Naftohaz’s newly appointed COO, Otto Waterlander, has pointed to the inherent economic risk of a 20-year contract with no direct link to natural gas prices in Europe.

Over-supply?

“If Nord Stream 2 comes online as expected, the influx of supply into Europe could place further pressure on a U.S. LNG recovery in 2021,” BTU Analytics LLC energy analyst Connor McLean said. Last winter, Russia and Ukraine agreed on a new transit deal for about 6.3 billion cubic feet (Bcf)/d in 2020 that would step down to about 3.9 Bcf/d in 2021-24. If NS2 is completed by year end, the 2.4 Bcf/d step down in Ukrainian volumes becomes a moot point, as the new conduit would backfill the loss and provide space for Russia to increase flows by an incremental 2.9 Bcf/d. An additional 5.3 Bcf/d of low-cost Russian gas from NS2 would “surely overwhelm the European market,” Mr.
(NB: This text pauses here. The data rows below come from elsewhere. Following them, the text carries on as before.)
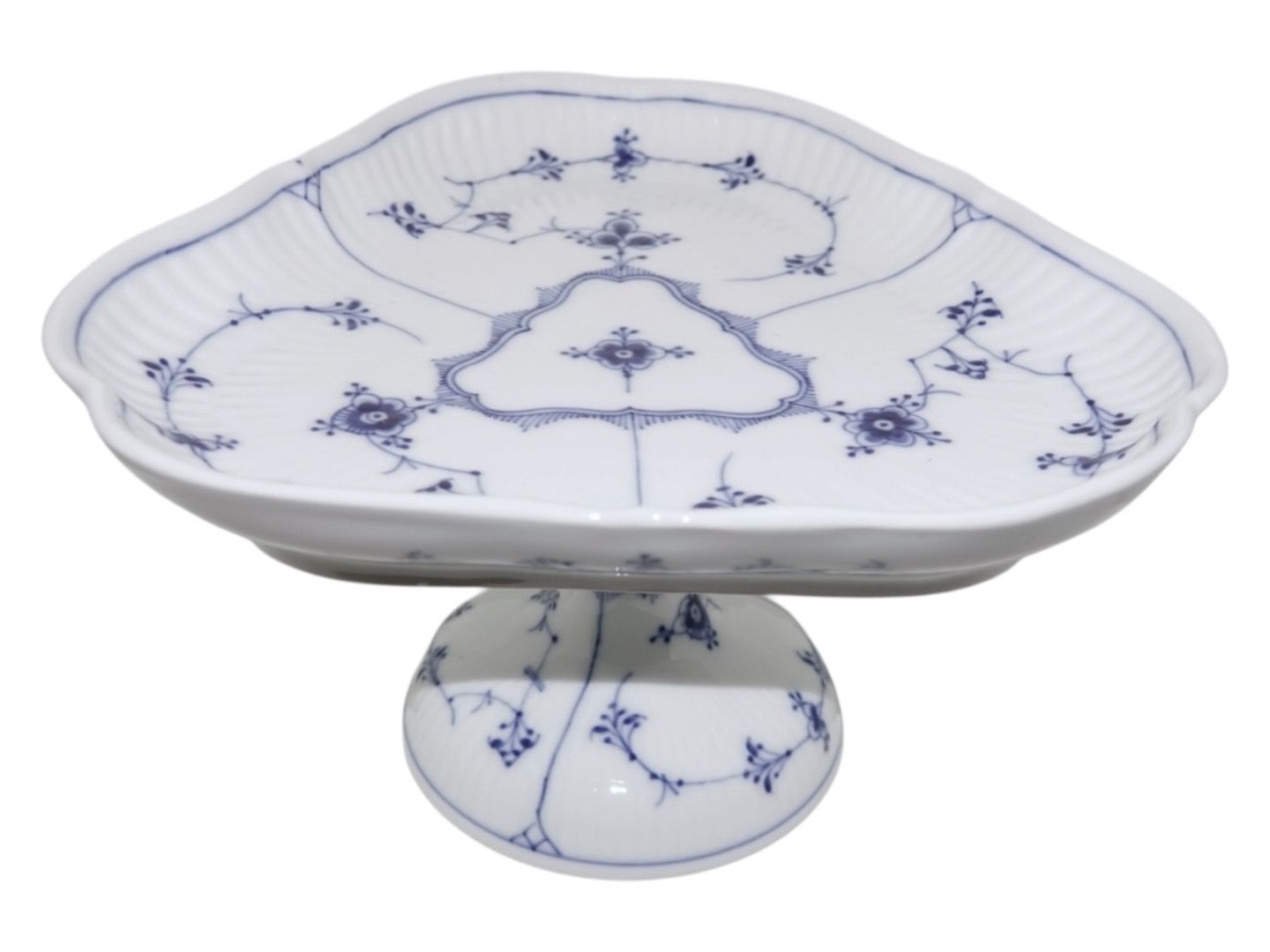 Beskrivelse: Royal Copenhagen Musselmalet Riflet, sjælden set trekantet kageopsats på fod.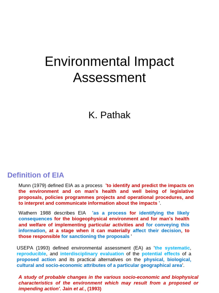 Munn (1979) defined EIA as a process 'to identify and predict the impacts on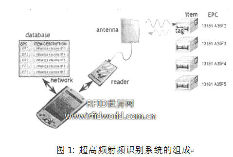 射頻識(shí)別(RFID)技術(shù)是一種自動(dòng)識(shí)別技術(shù),己經(jīng)有幾十年的歷史了,并被廣泛應(yīng)用于動(dòng)物識(shí)別、鐵路車皮識(shí)別、自動(dòng)高速公路收費(fèi)、航空行李處理、資產(chǎn)跟蹤、公共交通等[1]。MIT的Auto-ID中心提出了產(chǎn)品電子編碼(EPC)的概念[2],把類似于條形碼編碼的產(chǎn)品電子編碼(EPC)存儲(chǔ)在電子標(biāo)簽(Tag, or Transponder)中,電子標(biāo)簽貼在物體上,閱讀器(Reader, or Interrogator)通過(guò)電磁波從讀出編碼,通過(guò)這種方式可以識(shí)別物體。圖1是超高頻射頻識(shí)別系統(tǒng)的組成,電子標(biāo)簽貼在物品表面,閱讀器和標(biāo)簽之間通過(guò)電磁波進(jìn)行通信,閱讀器獲取的EPC編碼傳輸?shù)街鳈C(jī)中,從而識(shí)別物品。當(dāng)電子標(biāo)簽的成本很低時(shí),可以取代條形碼。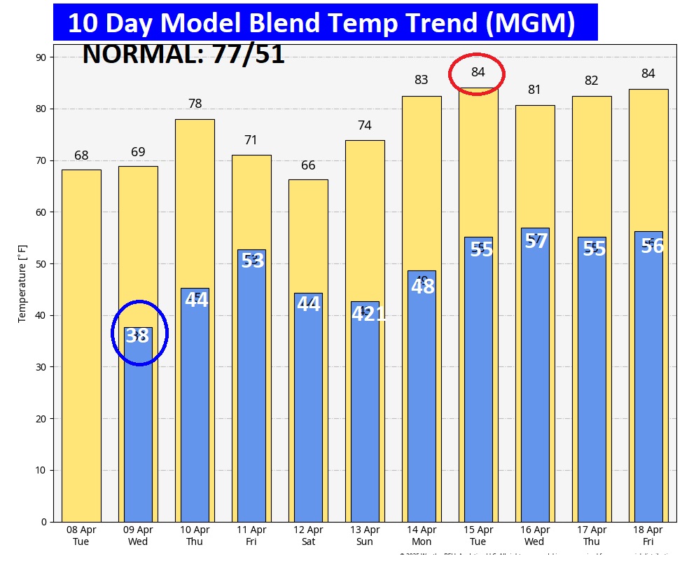 Late season chill.  Lows in the 30’s tonight.  Unusually cold for this late.  The northern counties will be near or below freezing in spots. Upper 30’s are likely in central Alabama.  Scattered frost is expected in central Alabama.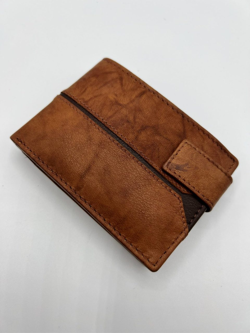 Cartera, billetera y tarjetero hombre en piel genuina. Diversos compartimentos para documentación, tarjetas, monedas y billetes. Medidas: 10,2 x 7,3 x 2 cm. Monedero y exterior con cierre de presión.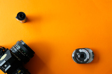 Lublin, Poland, February 01, 2022. classic canon a1 film camera, a roll of black and white film and analog sekonic lightmeter on orange background - top view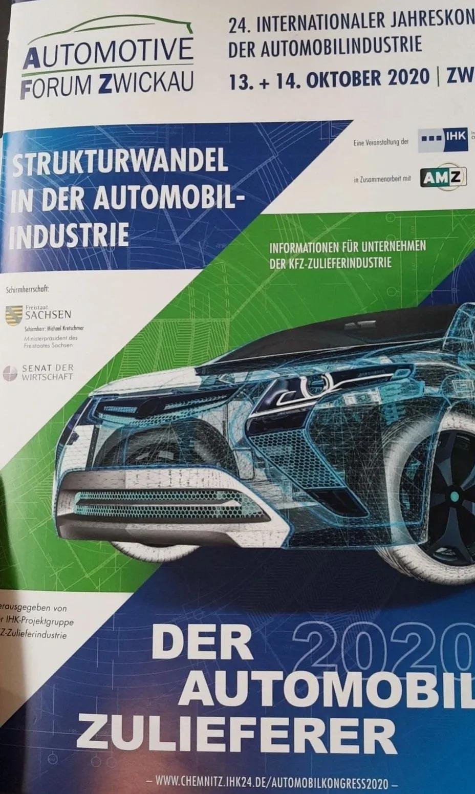 薩克森州擁有500年的汽車工業(yè)基礎(chǔ),寶馬、大眾、保時(shí)捷在薩克森州都有整車廠,并設(shè)有核心零部件工廠。將近800家零部件公司分布在薩克森各個(gè)城市工業(yè)區(qū)。在薩克森州州長Michael Kretschmer 先生的倡導(dǎo)及支持下,約150家行業(yè)領(lǐng)先企業(yè)負(fù)責(zé)人受邀參會。茨維考新任市長Constance Arndt 女士在會中發(fā)表了重要講話。此次會議主要分三個(gè)部分,分別為實(shí)地參觀大眾新能源汽車基地,汽車零部件商商業(yè)平臺交流晚宴,以及汽車專業(yè)論壇和線上線下路演。論壇主題多樣,有針對性,重點(diǎn)聚焦新能源鋰電池的回收與環(huán)保 、疫情下德國汽車工業(yè)的趨勢與措施、中國汽車市場的與德國汽車市場的比較、汽車行業(yè)的轉(zhuǎn)換之新能源汽車和氫能源汽車等熱點(diǎn)。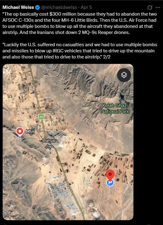 Many have pointed out that this whole debacle does at least prove that Iran has been attrited to such a degree as to allow the US to now fly deep missions into central Iran, including with troops, which are able to get in and out without dying.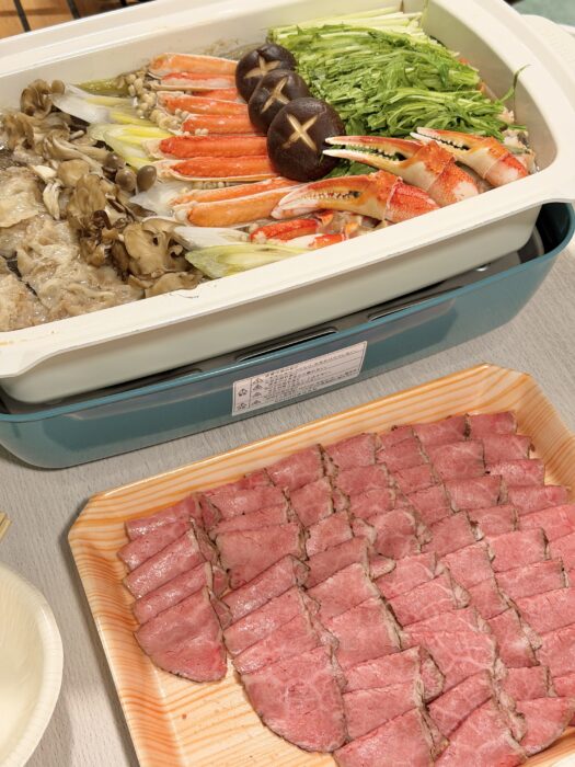 先程紹介したローストビーフと豚バラ×カニ鍋を楽しむ充実したパーティとなりました✨️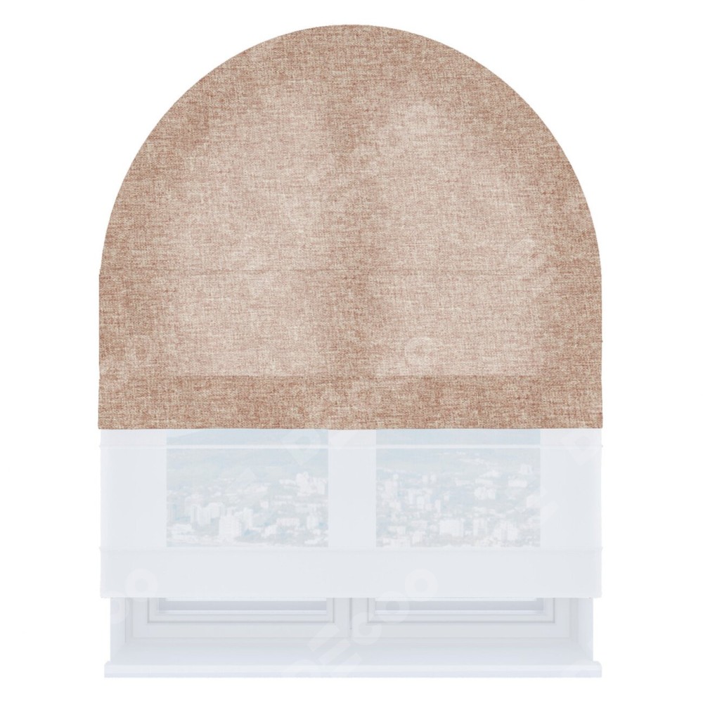 Римская штора день-ночь производителя «Cortin», используется для арочного проёма, пошита из двух полотен, с лицевой стороны лён кашемир розовая пудра артикул 21619, вторая ткань тюль (по стандарту комплектуется тюль белого цвета артикул V-01). Штора шьётся по индивидуальным размерам, для данного типа римской шторы возможная ширина от 60 до 300 см. Удобное управление каждой шторой отдельно.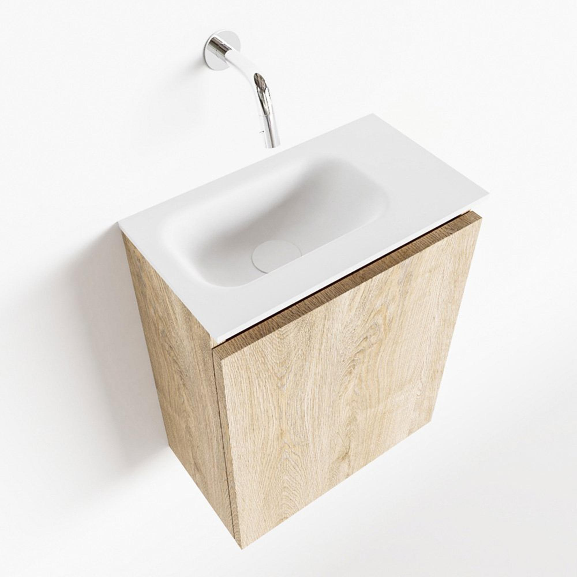 MONDIAZ TURE Fonteinset - 40x23x50cm - 0 kraangaten - 1 deur - washed oak mat - Wasbak links - Solid Surface Wit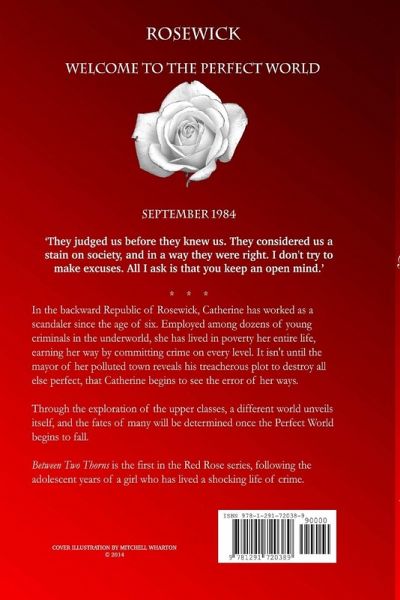September 1984 'They judged us before they knew us. They considered us a stain on society, and in a way they were right. I don't try to make excuses. All I ask is that you keep an open mind.' In the backward Republic of Rosewick, Catherine has worked as a scandaler since the age of six. Employed among dozens of young criminals in the underworld, she has lived in poverty her entire life, earning her way by committing crime on every level. It isn't until the mayor of her polluted town reveals his treacherous plot to destroy all else perfect, that Catherine begins to see the error of her ways. Through the exploration of the upper classes, a different world unveils itself, and the fates of many will be determined once the Perfect World begins to fall. Between Two Thorns is the first in the Red Rose series, following the adolescent years of a girl who has lived a shocking life of crime.

McLean said, adding that the new volumes would likely displace existing sources of supply.

“Germany has more than 770 Bcf of storage capacity, ranking it only behind Ukraine in European gas storage capacity,” he added. Ukraine’s storage capacity is significantly larger at 1.1 Tcf. ”Excess supply from Russia being absorbed by storage in Germany would significantly hamper the ability for Europe to absorb excess LNG cargoes, predominantly from the US, as it has over the past two years,” Mr. McLean said.

“European storage is already in a precarious position requiring sustained cuts to US LNG to avoid reaching capacity,” Mr. McLean pointed and added “With Europe no longer able to serve as a sink for excess LNG, attention will once again turn to Asia where a resurgence in gas demand would be key for US LNG producers.”

Lower demand

Europe will take a smaller share of the US LNG exports over the coming decades as more heads to Asia-Pacific and South America, according to German economic research institute DIW. Europe could take around 30 per cent of overall US exports this year, DIW said. But the share falls to 20 per cent by 2030 in the institute’s base-case scenario, and slips further to 12 per cent by 2040 and just 2 per cent by 2050.

DIW expects outright US LNG deliveries to Europe to be broadly stable until at least 2030, but to fall subsequently even as the US’ aggregate exports continue to rise. It sees total US exports at 80-90 bcm this year, rising to 130-140 bcm in 2030 in the base-case scenario, 170-180 bcm in 2040 and above 220 bcm in 2050.

But a much larger share will be absorbed by other regions, especially Asia-Pacific, where demand is expected to rise considerably over the coming decades, DIW said. And the institute expects South America to substantially increase its take of US LNG from the 2030s.

Strong the US LNG shipments to Europe in 2019 and 2020 were „exceptions”, DIW said. Europe’s aggregate LNG receipts have climbed sharply since around the start of the 2018-19 winter. Additions to global liquefaction capacity — largely driven by new US projects coming on stream — outpaced demand growth elsewhere, bolstering deliveries into Europe.

With European production on track to fall in the coming decades, „natural gas will play a decreasing role because of Europe’s climate goals and the required reductions in emissions,” DIW said.